There seems to be nothing profound about this statement. If you know anything about my background, you know that I graduated from seminary and I served two particular churches as a full-time pastor for 6 years. I blog all the time about religious centric topics. Duh, of course, my faith is essential to who I am. Case closed.
But, something about stating this as fact at this juncture of my life feels different. Maybe even scares me a little.
I don't feel I'm not the kind of person who just comes out and says such so bluntly. And I really hate being lumped with these kinds of Christians who might come from these camps and start conversation with judgment before love . . .
I think actions speak for themselves. Do I love? Do I forgive? Do I consider someone's needs before my own? Words are not always necessary.
But then this weekend, as I worked on another draft of the book proposal for my upcoming memoir about grief, I realized something I'd never thought of in such a strong way. And that is: my faith is essential to who I am.
As I wrote the words on the page of this proposal, it felt like I had invited myself into my own coming out party.
For, there was no way I could describe the book I've written without talking about the interwoven themes of God's provisions, God's love and God's direction within my story.
I just couldn't.
And even though I so desperately don't want an expression of my faith to be lumped together with the kind of Christian paths that I've seen hurt people and that (in my humble opinion) don't seem to be grounded in the teachings of Jesus, I couldn't tell my story without it being a FAITH story.
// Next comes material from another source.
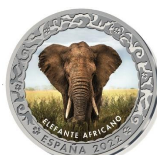
African Bush elephant.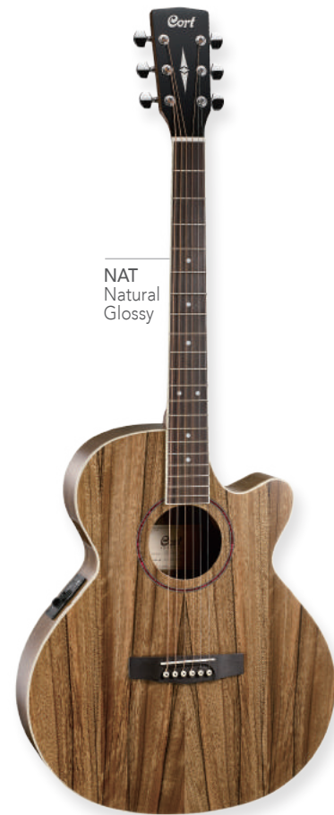
NAT Natural Glossy

As I wrote the marketing plan for the book that I hope one day soon with convince a publisher to want to print my narrative (hopefully a non-religious publisher!), I couldn't help but think that the reason why I believe my spiritual memoir will sell is because search of something, or someone greater than ourselves IS what deep down we're ALL looking for. Search for spiritual connection to the Divine and one another is essential to the human experience.
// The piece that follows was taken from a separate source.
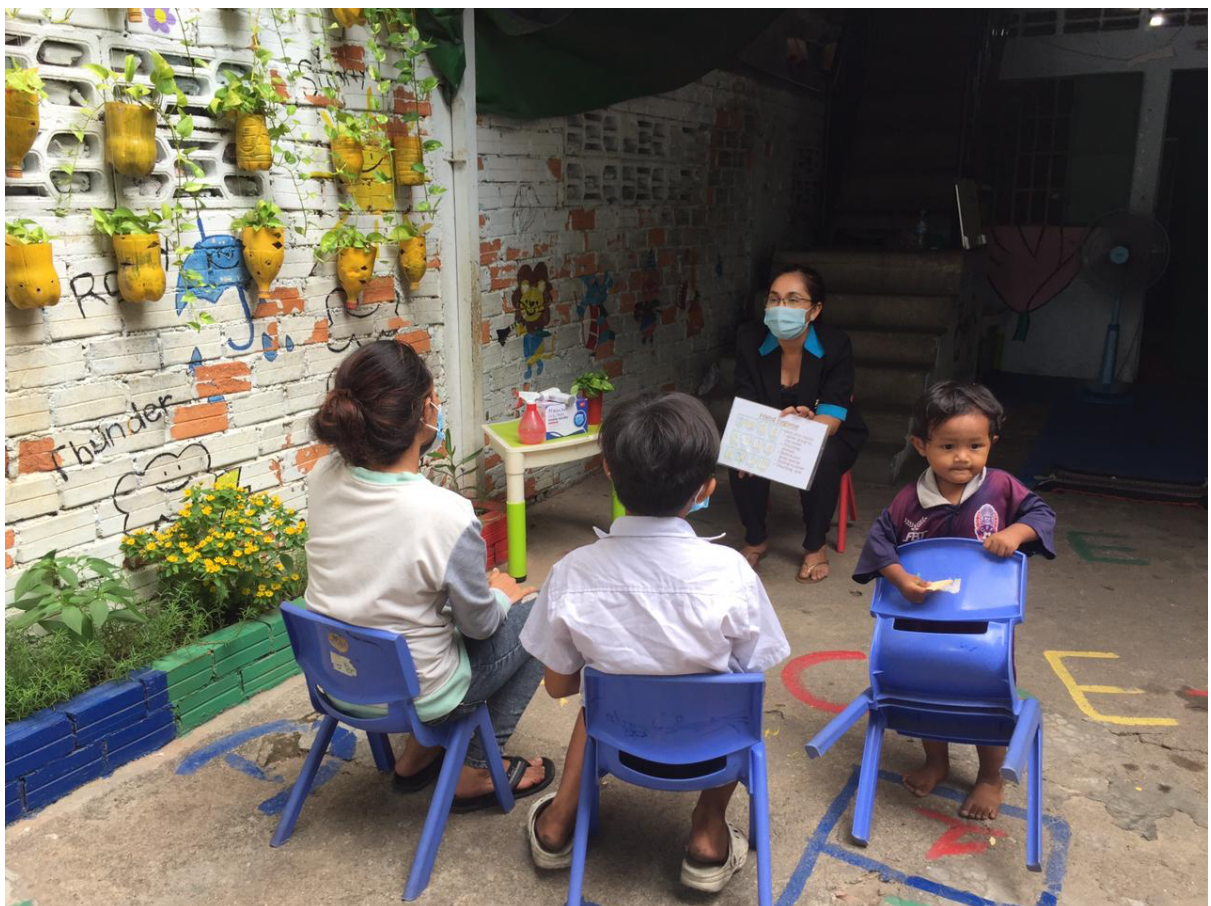
Poor family member received counseling during Covid-19 from SCC-CBE teacher

And with all of this true, we crave stories of faith in all shapes and sizes.
We crave stories that will tell us how others made movement in their lives when all seemed lost.
We craves stories that tell us how messy weaves of relationships can survive deep wounds.
We crave stories that tell us how hope born in our hearts rides the waves of the most turbulent storms.
And, though at first glance my book might seem off-putting to the very people I want to reach with my story--
those on the edge of a religious tradition
those who are in the throws of deep grief without a faith community
or those who have only experienced people of faith as obnoxious
I can't tell my story any other way than: faith is essential to who I am.
What about you? How do you talk about the spiritual part of you? Or do you talk about it at all?